Games up: Olympic blood cheats to face new test

Experts dropped heavy hints yesterday that the first test to detect "autologous" blood transplants – transfusions taken from and given back to the same individual – will be ready for the London games next year.

In the past, anti-doping authorities have refused to confirm whether or when such a test will be ready to be introduced, in the hope that the uncertainty will deter any athletes who may be considering autologous transfusions. However, rapid advances in analytical techniques has made it possible to detect red blood cells that have been stored outside the body prior to being transplanted back into the same individual, said Professor David Cowan, director of the Drug Control Centre at King's College London.

Autologous blood transfusions, which can significantly boost an athlete's performance by given them extra oxygen-carrying red cells, are one of the few methods of cheating in sport that cannot be detected by current scientific tests. The few cases of it occurring in the past, such as at the 2006 Winter Olympics in Turin, have been detected by old-fashioned investigations involving searches of a competitor's quarters for illicit transfusion paraphernalia.
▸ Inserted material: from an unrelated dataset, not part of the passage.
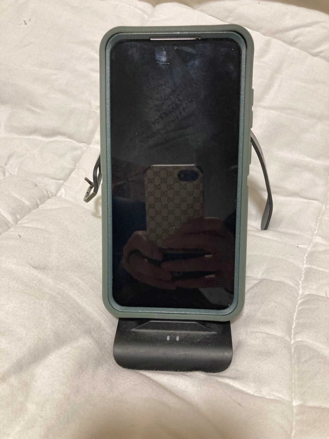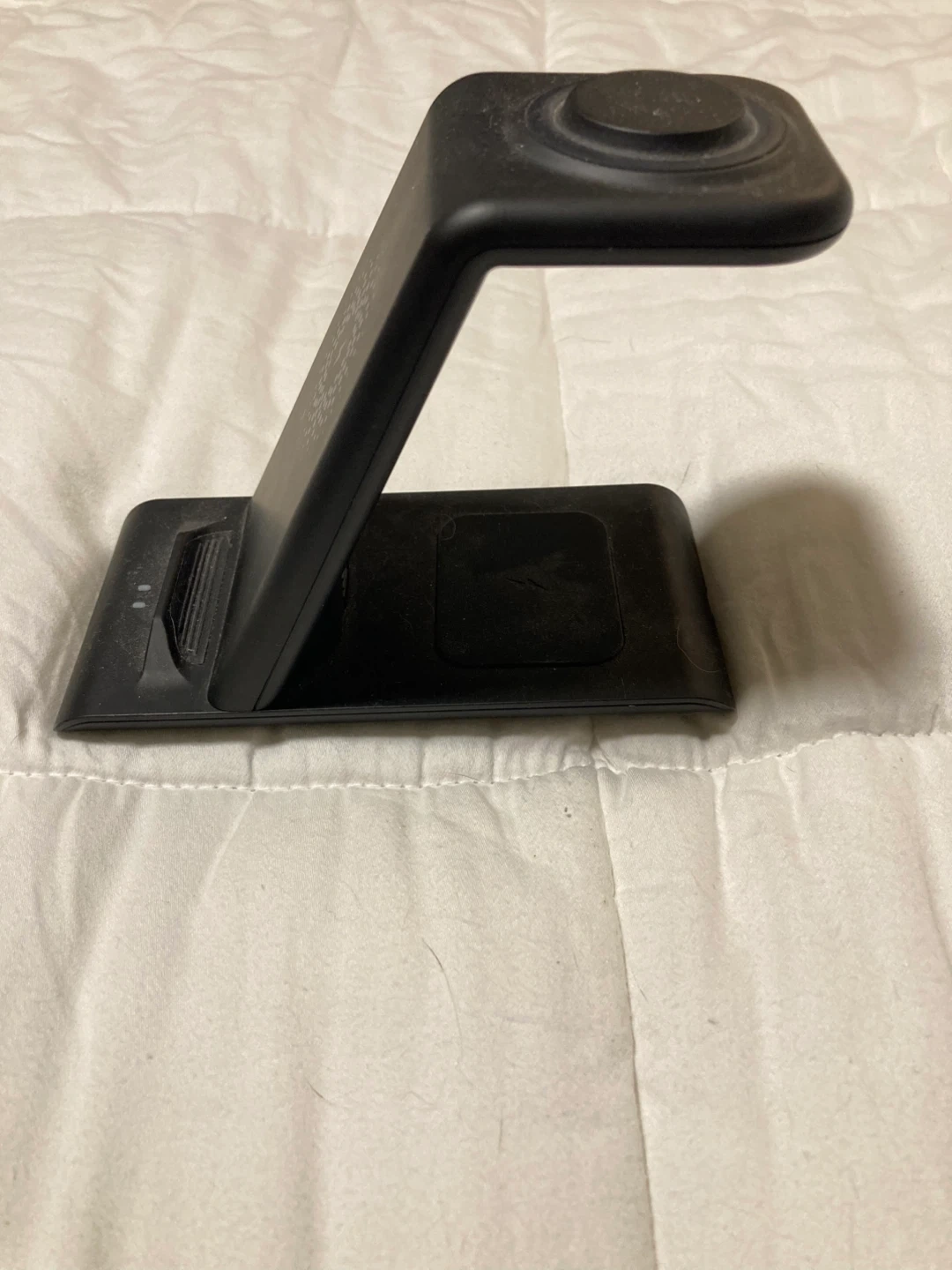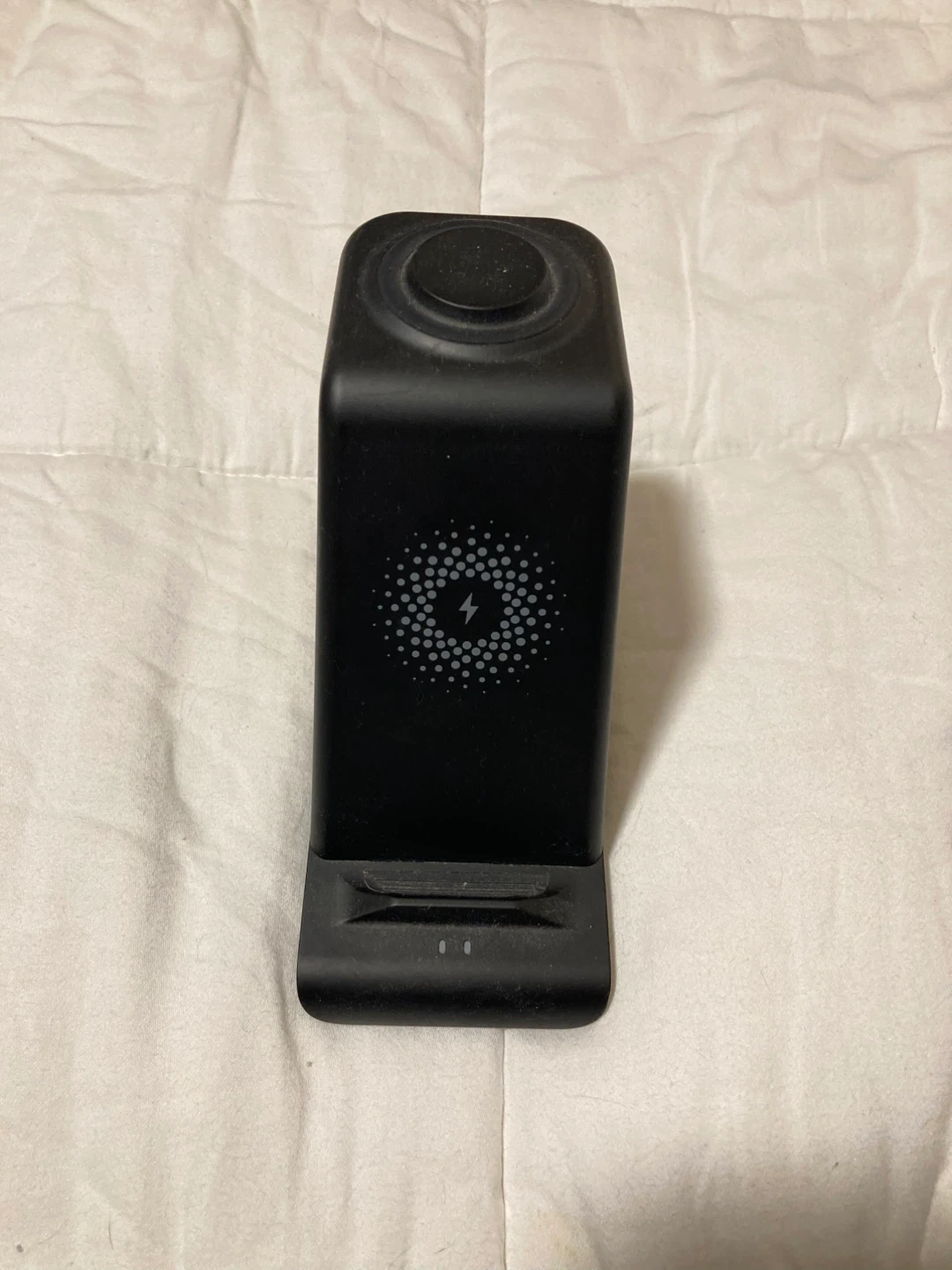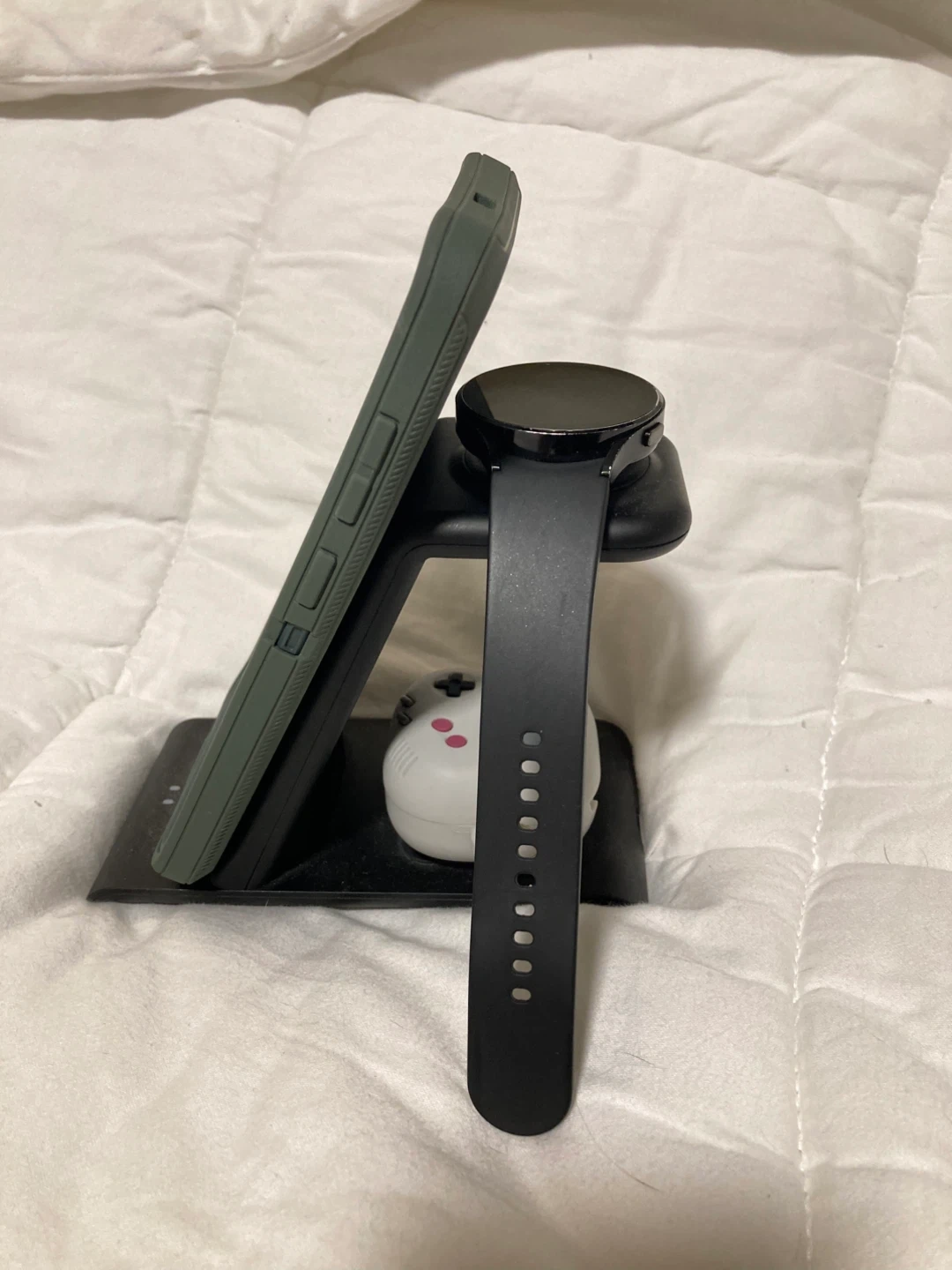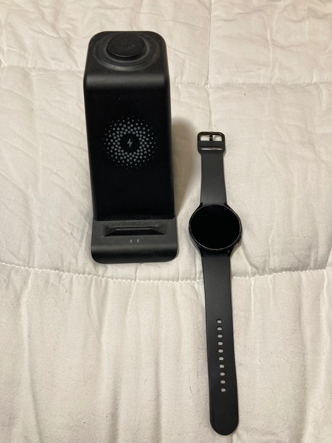 Selling a Samsung Galaxy Watch 4 in black, 44mm size. It comes with a charger stand that works for watch, phone and earbuds.

However, Professor Cowan said that rapid advances, centred on the RNA molecules naturally present in red blood cells, have led to the real possibility of validating a reliable test in time for London 2012.

"I would like to get it in on time, but I cannot guarantee that it will be ready. But if we do... it will be sufficiently reliable to accuse an athlete, that's the key," Professor Cowan told the British Science Festival at Bradford University. "It's quite exciting times, a lot of things are happening at the moment.

"But we are not going to say when a test will be ready to work because what we want is to get the message out there that science is capable of detecting cheats. We want to deter people using drugs."

Boosting levels of red blood cells is known to be particularly beneficial in endurance sports that rely on stamina. Controlled trials of autologous blood transfusions on cross-country skiers, for instance, have demonstrated marked improvements in speed.

A test to detect "homologous" blood transfusions from other donors has been used by the World Anti-Doping Agency since 2000. It is based on a machine that can detect differences in antigens on the membranes of red cells, which shows whether an athlete has someone else's blood in theirs.

However, this method does not work when detecting an athlete's own blood transfusion. The new technique centres on a "gene chip" that can detect changes to the RNA molecule of red blood cells that indicate whether it has been stored outside the body.

"As the cell ages outside the body, the pattern of the RNA varies, and by using chip technology to look at these RNAs, you can say that there is a different pattern," Professor Cowan said.

A reliable test for autologous blood transfusions would fill one of the last big gaps in anti-doping technology. Other tests are already well-developed to detect the use of growth hormone or the new class of "gene-doping" drugs based on injections of DNA.

"We may not be doing as well as we like, and we can improve on it. But there are very few gaps remaining. The main ones are where we take something out [of the body] and put it back again," Professor Cowan said.